Ж.Л.Давыд, в собственной выступления Конвенту: «Население направлялся к моему художеству, стремясь снова заметить особенности собственного друга… Я услыхал речь люди, я подчинялся ему. — Торопитесь все без исключения! Мама, вдовица, круглая) сирота, подавленный военнослужащий, все без исключения вам, кого Марат отстаивал вплоть до окончания собственной существования, приблизьтесь! И взглянете в собственного товарища. Этого, кто именно защищал в охране, ранее отсутствует. Его перышко, страх предателей, падает с его ручек. О, несчастье! Вашинский энергичный товарищ безжизнен!». Ш. Корде в суде: «– Я уничтожила 1-го, для того чтобы уберечь сотня тыс.; я уничтожила мерзавца, для того чтобы уберечь безвинных; я уничтожила безжалостного безумного животного, для того чтобы предоставить Франции душевное спокойствие»
Согласно описанию профессора А. М. Панченко, 6 января 1681 года царь отправился с большим количеством народа на водоосвящение. В это время старообрядцы учинили погром в Успенском и Архангельском соборах Кремля. Они мазали дёгтем царские ризы и гробницы, а также ставили сальные свечи, считавшиеся нечистыми в церковном обиходе. В это время толпа возвратилась, и сподвижник восставших, Герасим Шапочник, стал кидать в толпу «воровские письма», на которых были изображены карикатуры на царя и патриархов. Одна из таких карикатур дошла до наших дней, на ней изображены патриархи Паисий Александрийский, Макарий Антиохийский, Никон, а также Павел Сарский и Подонский и Иларион Рязанский. Подписи гласили: «окаянный», «льстец», «баболюб», «сребролюбец», «продал Христа»[1].

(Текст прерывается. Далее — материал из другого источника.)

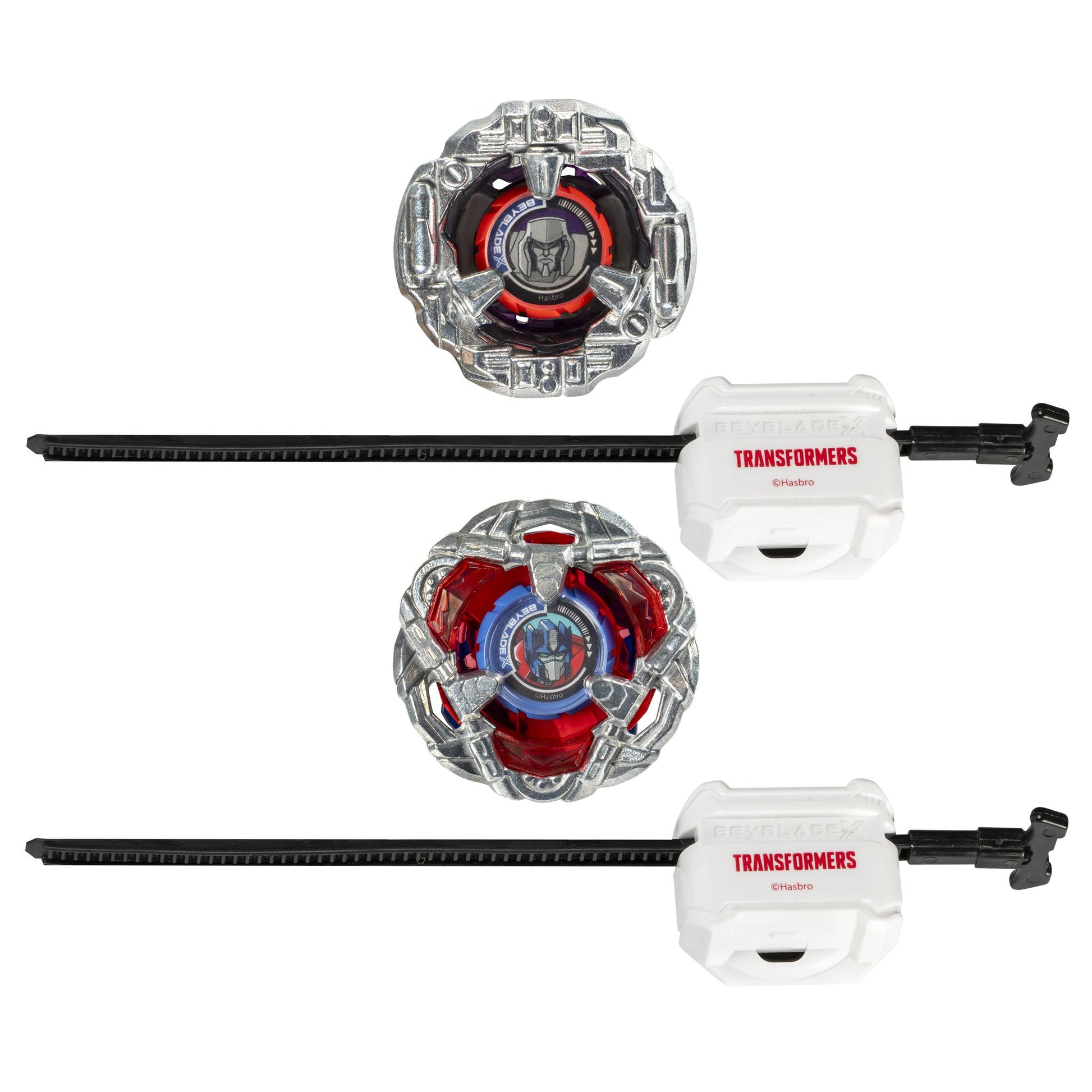 HARNESS THE POWER: Includes 2 Takara Tomy-designed Beyblade X tops with authentic die-cast metal parts: Optimus Prime 4-60P Right-Spin Balance Type with Defense Type blade and Megatron 4-80B Right-Spin Stamina Type with Balance Type Blade; and 2 launchers

Интерпретация восстания спорна, поскольку основывается исключительно на приведенном профессором Панченко тенденциозном «объявлении» Синода от 1725 г., которое было написано по поводу отобранной у московских старообрядцев иконы с ликом протопопа Аввакума с целью очернить последнего:
Долголетно седя в пустозерской земляной тюрьме, той безсовестный раскольник (Аввакум. — А. П.) <…> утоля мздою караул, посылал ко единомысленным своим в Москву, котории во время царствования <…> Феодора Алексеевича, пришествии его величества на иордань в день святаго Богоявления, безстыдно и воровски метали свитки богохульныя и царскому достоинству безчестныя. И в то же время, как татие, тайно вкрадучися в соборныя церкви, как церковныя ризы, так и гробы царския дехтем марали и сальныя свечи ставили, не умаляся ничим от святокрадцев и церковных татей. Сея вся злодеяния быша в Москве от раскольников наущением того же расколоначальника и слепаго вождя своего Аввакума. Он же сам, окаянный изверх, в то же время <…> седя в вышеозначенном юдоле земляныя своея тюрьмы, на берестяных хартиях начертывал царския персоны и высокия духовныя предводители с хульными надписании, и толковании, коризнами.